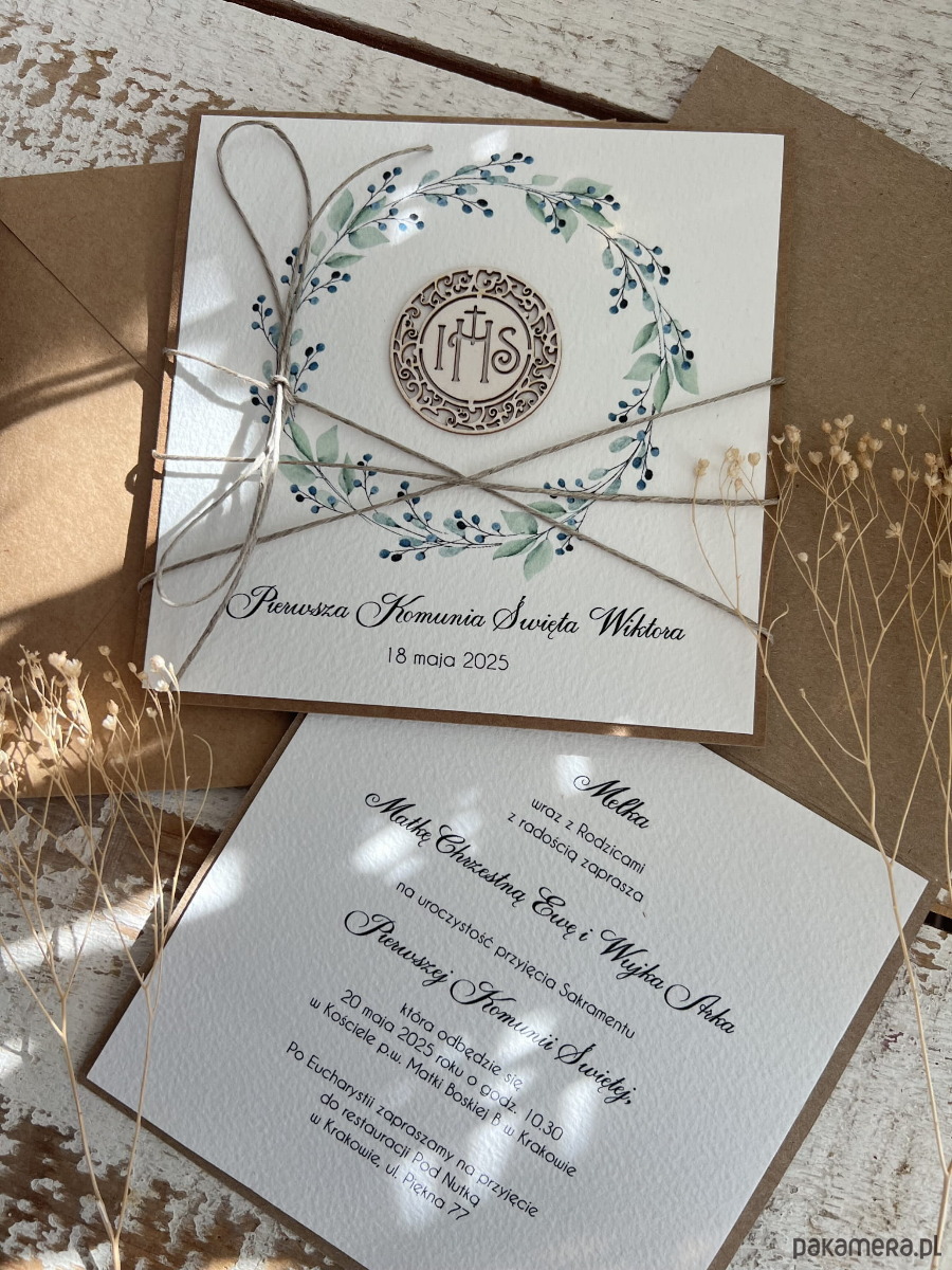 Najpiękniejsze oryginalne rustykalne zaproszenia na komunię - komunijne ręczn
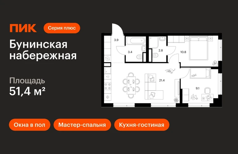 В Новой Москве продаётся 2-комнатная квартира квартира площадью 51.4 на 5 этаже 16 этажного дома (корпус 2.6/1.4, секция 4) в проекте ПИК «Бунинская набережная». Удобное расположение 18 минут пешком до станции метро «Потапово» и 12 минут на машине до метро «Бунинская аллея». 9 минут на машине до Солнцево-Бутово-Варшавского шоссе и 17 минут до МКАД. 8 минут на автомобиле до гипермаркета «Глобус». 15 минут на автомобиле до живописного Бутовского лесопарка и заказника «Южное Бутово». Особенности проекта «Бунинская набережная» — камерный квартал «Серии плюс» на берегу Ивановского пруда. В шаговой доступности вся нужная инфраструктура: детские сады, школы, поликлиники, игровая площадка PlayHub «Пирамиды» и скейт-парк. Удобные и разнообразные планировки позволят каждому выбрать квартиру для собственного сценария жизни. Преимущества проекта: Отделка: Готовая Особенности планировки: Мастер-спальня, Кухня-гостиная, Два и более санузла, Окна в пол, Внутрипольные конвекторы, Умная планировка Просторные и светлые лобби с быстрыми тихими лифтами. Дворы-парки с местами для отдыха, детскими и спортивными площадками. Пешеходный бульвар и благоустроенная набережная. Магазины, кафе и полезные сервисы на первых этажах домов. Подземный паркинг. АртикулО застройщике
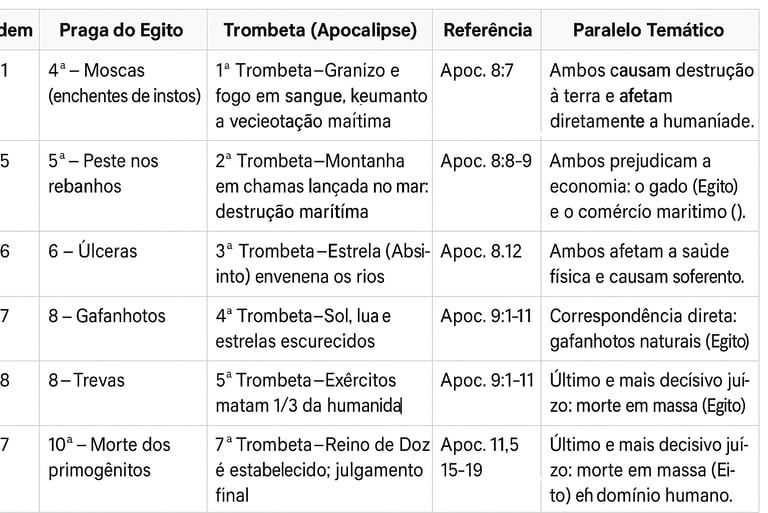 📜 Associação Cronológica – 7 Trombetas × Últimas 7 Pragas do Egito (4ª a 10ª)
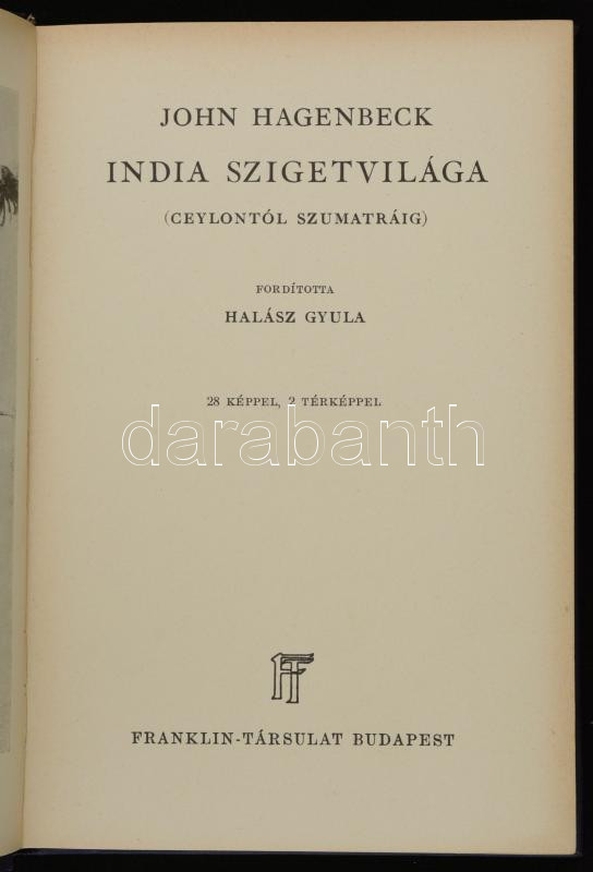 John Hagenbeck: India szigetvilága. (Ceylontól szumátráig.) Világjárók. Utazások és kalandok. Fordította Halász Gyula. Budapest, é.n., Franklin-Társulat. Kiadói egészvászon kötés, fekete-fehér fotókkal, kissé kopottas gerinccel.

* [WHAT YOU SHOULD DO]:
Return all the data exactly, pictures omitted.

* [RESPONSE TO THE TASK]:
 Najpiękniejsze oryginalne rustykalne zaproszenia na komunię - komunijne ręczn
 В Новой Москве продаётся 2-комнатная квартира квартира площадью 51.4 на 5 этаже 16 этажного дома (корпус 2.6/1.4, секция 4) в проекте ПИК «Бунинская набережная». Удобное расположение 18 минут пешком до станции метро «Потапово» и 12 минут на машине до метро «Бунинская аллея». 9 минут на машине до Солнцево-Бутово-Варшавского шоссе и 17 минут до МКАД. 8 минут на автомобиле до гипермаркета «Глобус». 15 минут на автомобиле до живописного Бутовского лесопарка и заказника «Южное Бутово». Особенности проекта «Бунинская набережная» — камерный квартал «Серии плюс» на берегу Ивановского пруда. В шаговой доступности вся нужная инфраструктура: детские сады, школы, поликлиники, игровая площадка PlayHub «Пирамиды» и скейт-парк. Удобные и разнообразные планировки позволят каждому выбрать квартиру для собственного сценария жизни. Преимущества проекта: Отделка: Готовая Особенности планировки: Мастер-спальня, Кухня-гостиная, Два и более санузла, Окна в пол, Внутрипольные конвекторы, Умная планировка Просторные и светлые лобби с быстрыми тихими лифтами. Дворы-парки с местами для отдыха, детскими и спортивными площадками. Пешеходный бульвар и благоустроенная набережная. Магазины, кафе и полезные сервисы на первых этажах домов. Подземный паркинг. АртикулО застройщике
 📜 Associação Cronológica – 7 Trombetas × Últimas 7 Pragas do Egito (4ª a 10ª)
 John Hagenbeck: India szigetvilága. (Ceylontól szumátráig.) Világjárók. Utazások és kalandok. Fordította Halász Gyula. Budapest, é.n., Franklin-Társulat. Kiadói egészvászon kötés, fekete-fehér fotókkal, kissé kopottas gerinccel.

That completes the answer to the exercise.